Hydrodynamic pursuit by cognitive self-steering microswimmers

TL;DR

This study investigates how synthetic microswimmers can pursue targets using hydrodynamic interactions and limited sensing, demonstrating stable pursuit strategies and mutual influence on motion.

Contribution

It introduces a model for pursuit strategies in microswimmers with hydrodynamic steering, highlighting how different propulsion types and adaptation schemes enable stable pursuit.

Findings

Stable pursuit states depend on propulsion type and steering scheme.

Mutual influence affects trajectories and pursuit stability.

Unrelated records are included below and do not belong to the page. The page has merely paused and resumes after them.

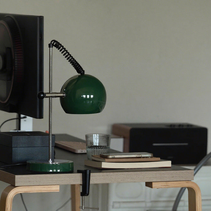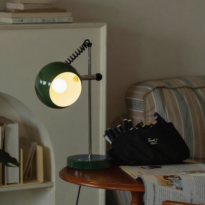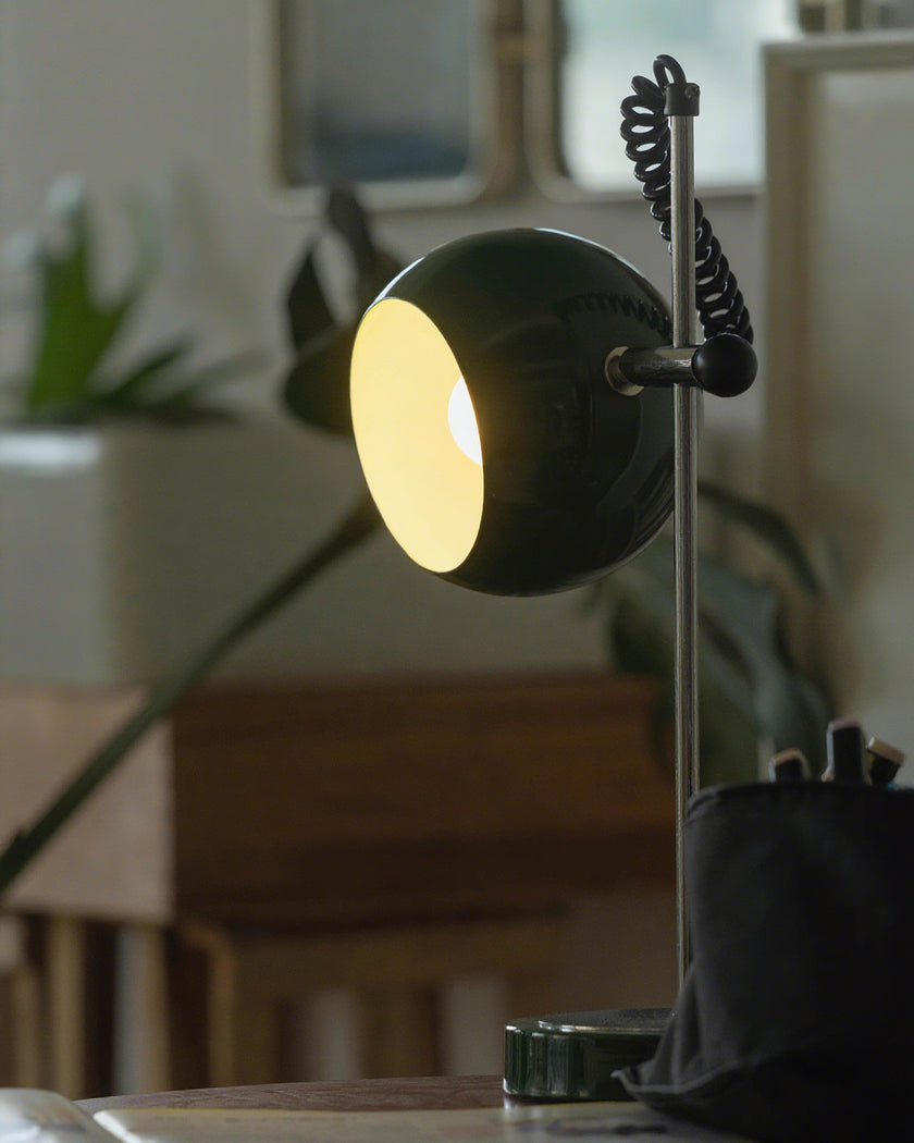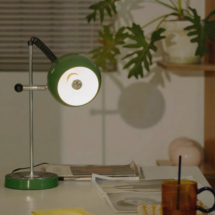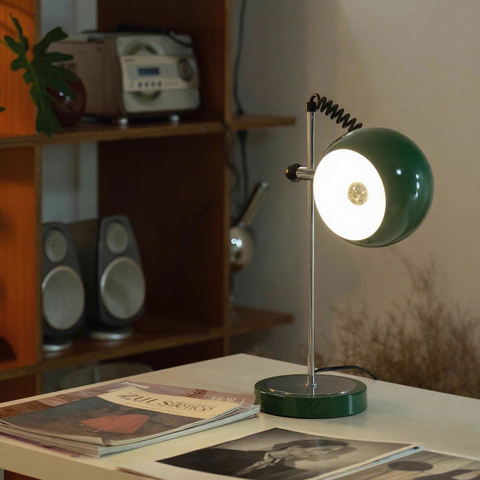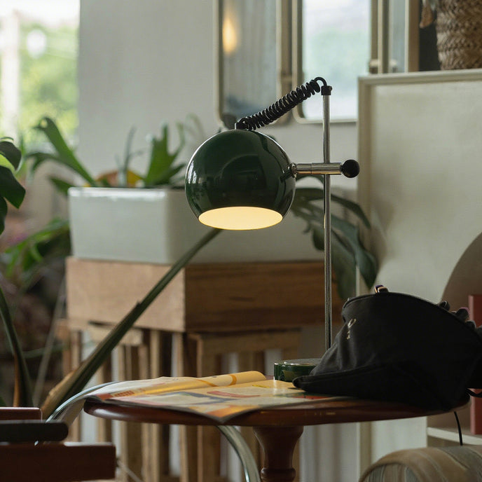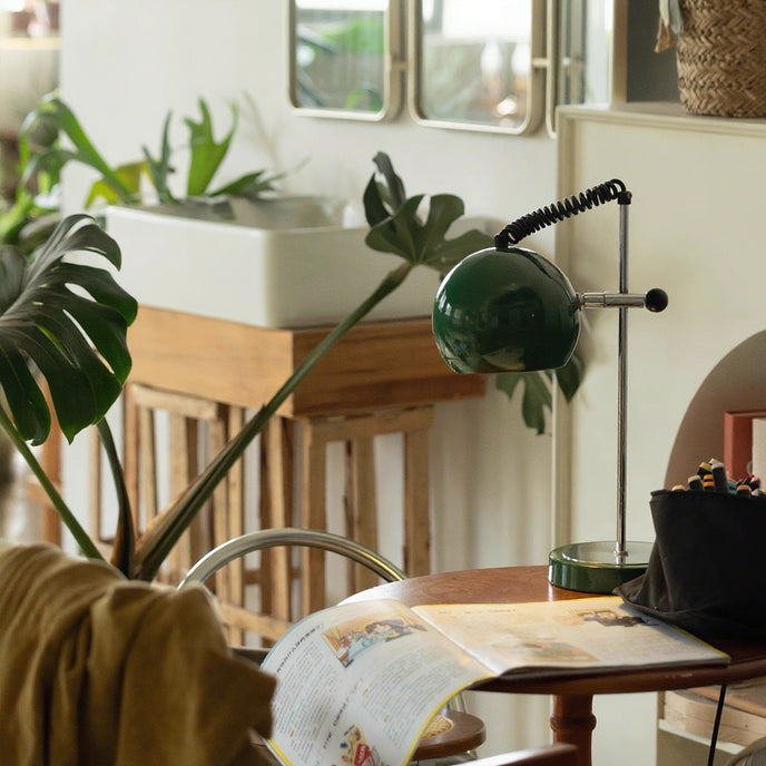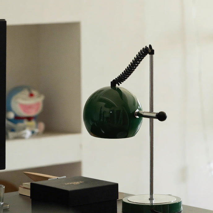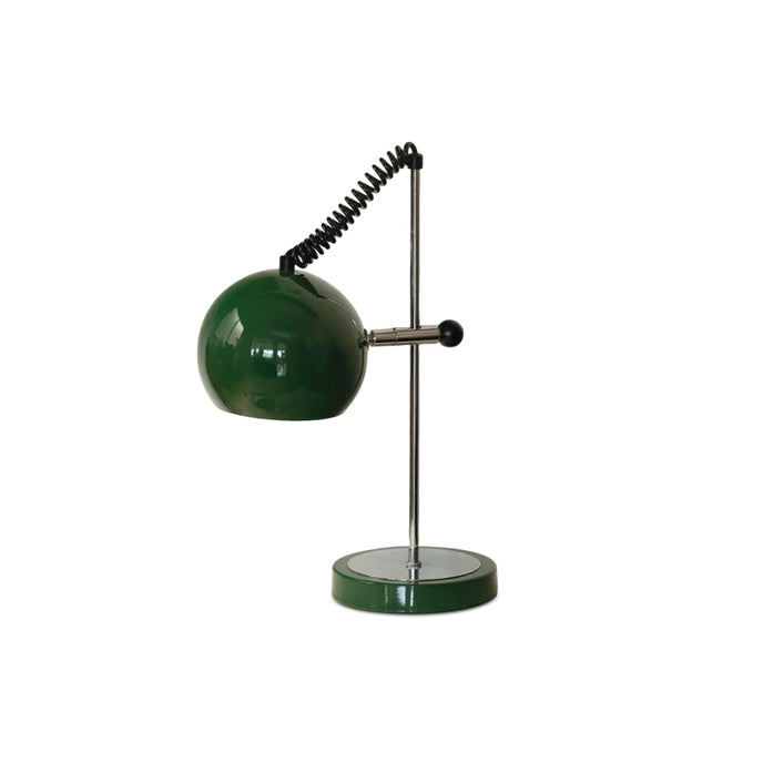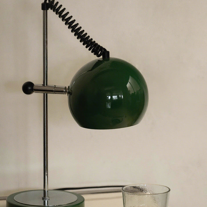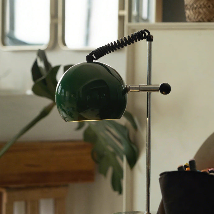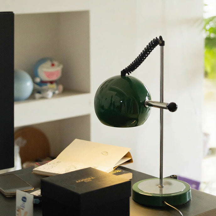 The Austria Table Lamp by Mooijane blends modern functionality with retro flair. Its distinctive spherical shade in deep green metal offers a bold, textured look, complemented by a lustrous metal stand and base for a sleek, sturdy structure. An adjustable arm and spiral cord add an industrial touch, enhancing both style and practicality. Perfect as a desk lamp or a decorative accent in the living room, it infuses any space with sophistication and unique character.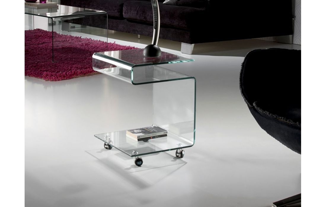 Mesa de apoio com rodas fabricada em vidro curvado de 10 mmDestinatário :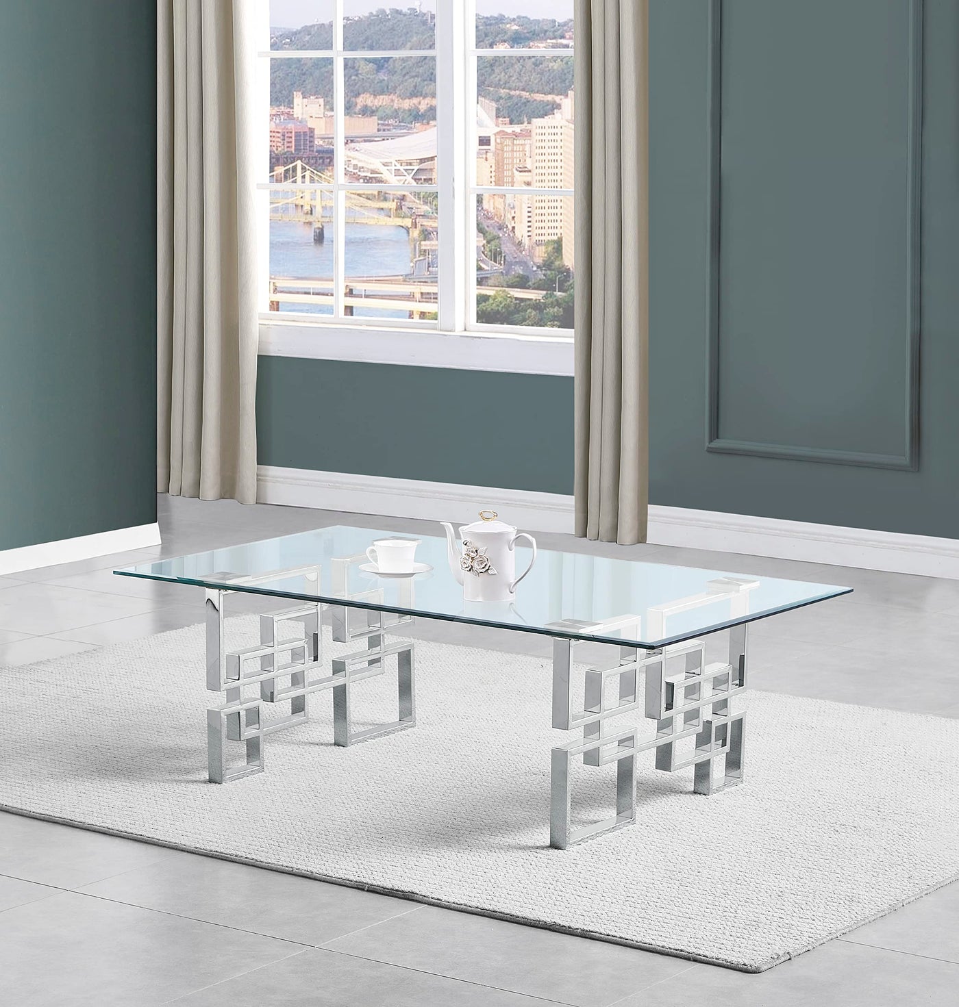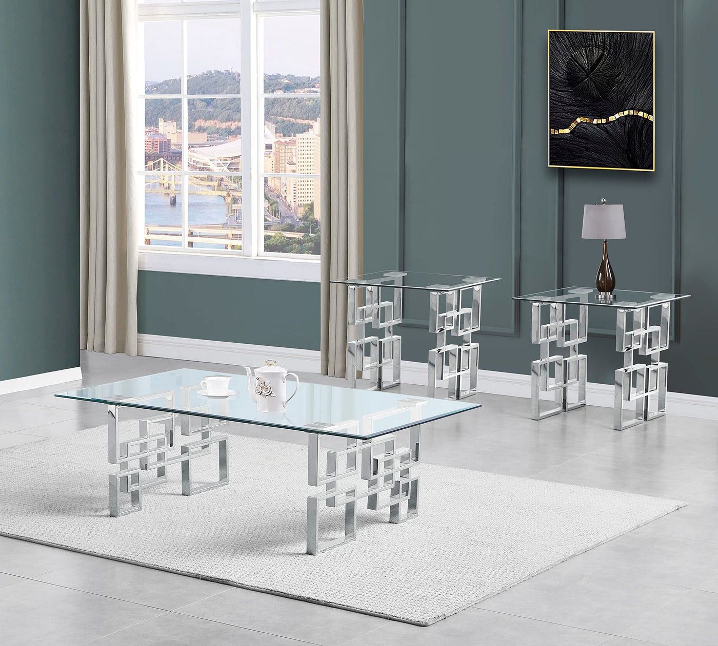 Tempered Glass Table Top | Unique Silver Stainless Steel Base | Set includes (1) Coffee Table and (2) End Tables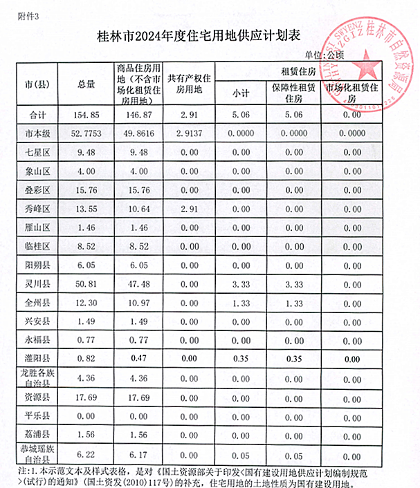 日前,桂林市本级2024年度国有建设用地供应计划出炉,全年计划供应202.50公顷。其中,商服用地67.20公顷,商品住房用地52.78公顷,保障性安居工程用地0公顷,公共管理与商服用地21.69公顷。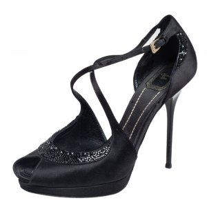 صندل ديور ساتان أسود بمقدمة مفتوحة بزخارف كريستال وحزام كاحل مقاس 39

Hydrodynamic interactions enable cooperative pursuit behaviors.

Abstract

The properties of biological microswimmers are to a large extent determined by fluid-mediated interactions, which govern their propulsion, perception of their surrounding, and the steering of their motion for feeding or in pursuit. Transferring similar functionalities to synthetic microswimmers poses major challenges, and the design of favorable steering and pursuit strategies is fundamental in such an endeavor. Here, we apply a squirmer model to investigate the pursuit of pursuer-target pairs with an implicit sensing mechanism and limited hydrodynamic steering abilities of the pursuer. Two hydrodynamic steering strategies are applied for the pursuer's propulsion direction by adaptation of its surface flow field, (i) reorientation toward the target with limited maneuverability, and (ii) alignment with the target's propulsion direction combined with speed adaptation. Depending on the nature of the microswimmer propulsion (puller, pusher) and the velocity-adaptation scheme, stable cooperatively moving states can be achieved, characterized by specific squirmer arrangements and controllable trajectories. Importantly, pursuer and target mutually affect their motion and trajectories.